I’ve made frequent references in this blog to borrowing books from the library. But make no mistake, I buy plenty of books too. And I have to admit, I’m promiscuous about it; I’ll buy almost anywhere. I buy online: out of print childhood favourites on ebay and abebooks, obscure local history pamphlets from small British presses, and new books I can’t find anywhere else on amazon. I frequent several second-hand bookstores where I’ve often discovered books that I didn’t realize I wanted or needed until I pulled them off the shelf. And yes, I will buy at the closest big box store, particularly if I suddenly decide at 9 pm on a Wednesday that there’s a book I can’t do without for a moment longer. But for shiny new books, I prefer to spend my money at independents and what a joy now to be able to meander just a few blocks from my house and find some fabulous, unexpected gem in the new bookstore.

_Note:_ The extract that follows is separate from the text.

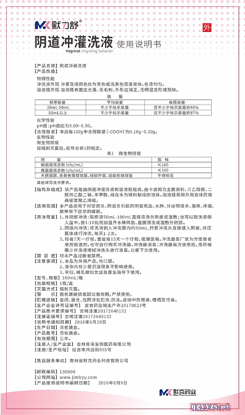 | 補(bǔ)充說明 | 【產(chǎn)品名稱】陰道沖灌洗液 【產(chǎn)品性能】 物理性能 沖洗器外觀沖灌洗液顏色應(yīng)為無色或淺黃色澄清液體。色澤均勻。 溶液瓶外觀溶液瓶表面應(yīng)光滑,無毛刺,外形應(yīng)端正,無明顯變形或殘缺。 裝量 標(biāo)示裝量每瓶裝量 20mL-50mL不少于標(biāo)示裝量應(yīng)不少于標(biāo)示裝量的95% 50mL以上不少于標(biāo)示裝量應(yīng)不少于標(biāo)示裝量的97% 化學(xué)性能 pH值:pH應(yīng)為5.00~6.50。 【含羧酸基】本品每100g中含羧酸基(-COOH)為0.10g-0.30g。 生物性能 微生物限度 經(jīng)輻射滅菌后,應(yīng)符合表1的規(guī)定。 表1微生物限度 項(xiàng)目指標(biāo) 細(xì)菌茵落總數(shù)(cfu/ml)≤100 真菌萄落總數(shù)(cfu/mL)≤100 大腸菌群、金黃色葡萄球菌、綠膿桿菌、溶血性鏈球菌不得檢出 其他詳見技術(shù)要求。 【結(jié)構(gòu)及組成】該產(chǎn)品是由陰道沖灌洗液和溶液瓶組成。由卡波姆為主要原料,三乙醇胺、二胺四乙酸二鈉、苯甲醇、純化水為輔料制成的液體。溶液瓶采用外用液體藥用高密度聚乙烯瓶。 【適用范圍】本產(chǎn)品適用于對宮頸炎、陰道炎引起的陰道充血、水腫、分泌物增多、瘙癢、疼痛、膿樣帶下癥狀的緩解。 【用法用量】1、外陰部沖洗:取原液50ml-100mL直接清洗外陰部或濕敷;也可以取洗液倒 入盆中,按1:10比例加溫開水稀釋后,真接清洗或濕敷外陰部。 2、陰道內(nèi)沖洗:將洗液倒入沖洗器內(nèi)約50mL,擰緊沖洗頭直接插入陰道,擠壓瓶體進(jìn)行沖洗,每天1-2次。 3、輕者7天一療程,重癥者15天一個(gè)療程,或遵醫(yī)囑。沖洗器是廠家為方便患者使用贈(zèng)送的,也可自行購買沖洗器。沖洗器消毒:沖洗器每次使用后,用藥棉蘸少許洗液擦拭沖洗頭進(jìn)行消毒,以便下次使用。 【禁忌癥】對本產(chǎn)品過敏者禁用。 【注意事項(xiàng)】1、本品為外用產(chǎn)品,勿口服。 2、液體內(nèi)有少量沉淀現(xiàn)象不影響使用。 3、孕婦、哺乳期婦女應(yīng)在醫(yī)生指導(dǎo)下使用。 【型號、規(guī)格】160mL/瓶 【包裝規(guī)格】1瓶/盒 【滅菌方式】輻射滅菌。 【警示】若包裝破損或超過有效期,嚴(yán)禁使用。 【貯藏運(yùn)輸】密閉、避光、在陰涼處貯存,防凍。運(yùn)輸中防雨淋、曝曬及污染。 【生產(chǎn)企業(yè)許可證編號】吉食藥監(jiān)械生產(chǎn)許20170023號 【產(chǎn)品技術(shù)要求編號】吉械注準(zhǔn)20172640132 【注冊證編號】吉械注準(zhǔn)20172640132 【說明書編制日期】2016年6月29日 【生產(chǎn)日期】見包裝盒。 【產(chǎn)品批號】見包裝盒。 【有效期限】三年。 【注冊人/生產(chǎn)企業(yè)】吉林普澤生物醫(yī)藥有限公司 【注冊/生產(chǎn)地址】延吉市鴻運(yùn)街955號 |

It’s long been a fantasy of mine to have my own bookstore. (Clearly I’m not alone in this -- see Book World and Bookish.) But I have no head for business and I understand that it’s never been tougher to prosper in the bookselling business than it is now. So I’ll content myself with doing my bit to keep other people’s bookstores afloat and with living the bookseller’s life vicariously through evocative memoirs like Betsy Burton’s The King’s English: Adventures of an Independent Bookseller.
Burton’s book is organized rather like a bookstore, with thematic sections to browse: fiction, crime fiction, poetry, western literature, and children’s books. Each of these sections is replete with praise for beloved books, lists of recommended titles, and tales of successful author visits as well as of occasional readings gone wrong. Much illuminating inside information about the book business is interwoven throughout. Burton writes with refreshing candour about the many challenges, large and small, that she has faced in the nearly thirty years that her Salt Lake City store, The King’s English, has thus far been in business: difficult business partnerships, the odd larcenous employee, censorship in all its guises, and simply surviving as an independent in today’s corporate landscape. Shining through on every page is Burton’s deep love of books and her passionate commitment to a lifetime’s work of matchmaking each reader with exactly the right books.
Reading Burton’s book has strengthened my resolve to shop independent, and I suspect that the new bookstore up the street will be the chief beneficiary.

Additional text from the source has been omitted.